Fit a set of multinomial regression models (via multinom, Venables and Ripley 2002) to a time series of data divided into multiple segments (a.k.a. chunks) based on given locations for a set of change points.

check_multinom_TS_inputs checks that the inputs to multinom_TS are of proper classes for an analysis.

multinom_TS(data, formula, changepoints = NULL, timename = "time",
  weights = NULL, control = list())

check_multinom_TS_inputs(data, formula = gamma ~ 1,
  changepoints = NULL, timename = "time", weights = NULL,
  control = list())

Arguments

data

data.frame including [1] the time variable (indicated in timename), [2] the predictor variables (required by formula) and [3], the multinomial response variable (indicated in formula) as verified by check_timename and check_formula. Note that the response variables should be formatted as a data.frame object named as indicated by the response entry in the control list, such as gamma for a standard TS analysis on LDA output. See Examples.

formula

formula defining the regression between relationship the change points. Any predictor variable included must also be a column in data and any (multinomial) response variable must be a set of columns in data, as verified by check_formula.

changepoints

Numeric vector indicating locations of the change points. Must be conformable to integer values. Validity checked by check_changepoints and verify_changepoint_locations.

timename

character element indicating the time variable used in the time series. Defaults to "time". The variable must be integer-conformable or a Date. If the variable named is a Date, the input is converted to an integer, resulting in the timestep being 1 day, which is often not desired behavior.

weights

Optional class numeric vector of weights for each document. Defaults to NULL, translating to an equal weight for each document. When using multinom_TS in a standard LDATS analysis, it is advisable to weight the documents by their total size, as the result of LDA is a matrix of proportions, which does not account for size differences among documents. For most models, a scaling of the weights (so that the average is 1) is most appropriate, and this is accomplished using document_weights.

control

A list of parameters to control the fitting of the Time Series model including the parallel tempering Markov Chain Monte Carlo (ptMCMC) controls. Values not input assume defaults set by TS_control.

Value

multinom_TS: Object of class multinom_TS_fit, which is a list of [1] chunk-level model fits ("chunk models"), [2] the total log likelihood combined across all chunks ("logLik"), and [3] a data.frame of chunk beginning and ending times ("logLik" with columns "start" and "end").

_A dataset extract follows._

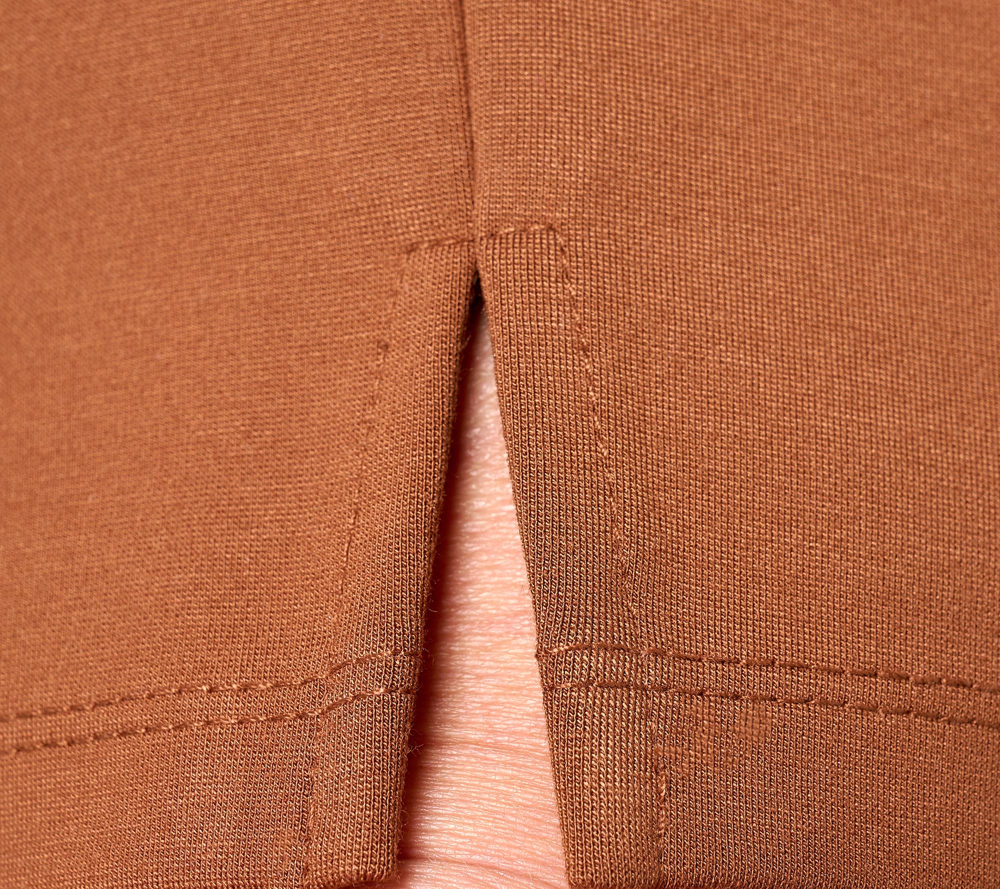 • Features: pull-on, angled front pockets, notch at side leg openings
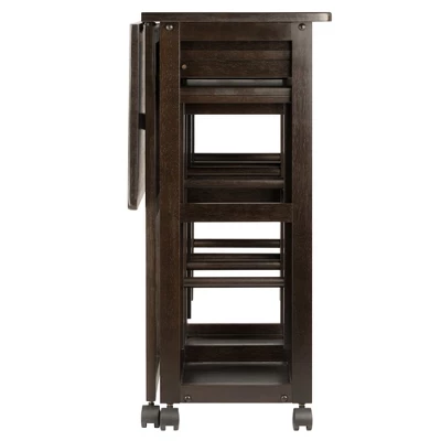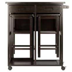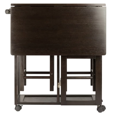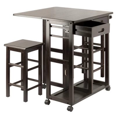 This inviting 3-Piece Space Saver Set will bring ease and versatility to dining in your kitchen, breakfast nook, or den. A drop leaf supported by a swing-away leg with a 5th rolling caster can be opened to create a dining table for two. Or lower the drop leaf, stow the stools, and roll the unit into the corner to create more open space. The sturdy hideaway stools have smooth, broad seat tops with rounded corners and can be tucked neatly under the table for a compact footprint. Two drawers with cut-out handles are ideal for silverware, napkins, and placemats. And the push handle also serves as handy place to hang a kitchen towel. Rolling casters, two of which lock to keep the unit stable while in use, allow for easily mobility. Made of solid and composite wood in a sleek Coffee finish.

check_multinom_TS_inputs: an error message is thrown if any input is improper, otherwise NULL.

References

Venables, W. N. and B. D. Ripley. 2002. Modern and Applied Statistics with S. Fourth Edition. Springer, New York, NY, USA.

Examples

  data(rodents)
  dtt <- rodents$document_term_table
  lda <- LDA_set(dtt, 2, 1, list(quiet = TRUE))
  dct <- rodents$document_covariate_table
  dct$gamma <- lda[[1]]@gamma
  weights <- document_weights(dtt)
  check_multinom_TS_inputs(dct, timename = "newmoon")
  mts <- multinom_TS(dct, formula = gamma ~ 1, changepoints = c(20,50),
                     timename = "newmoon", weights = weights)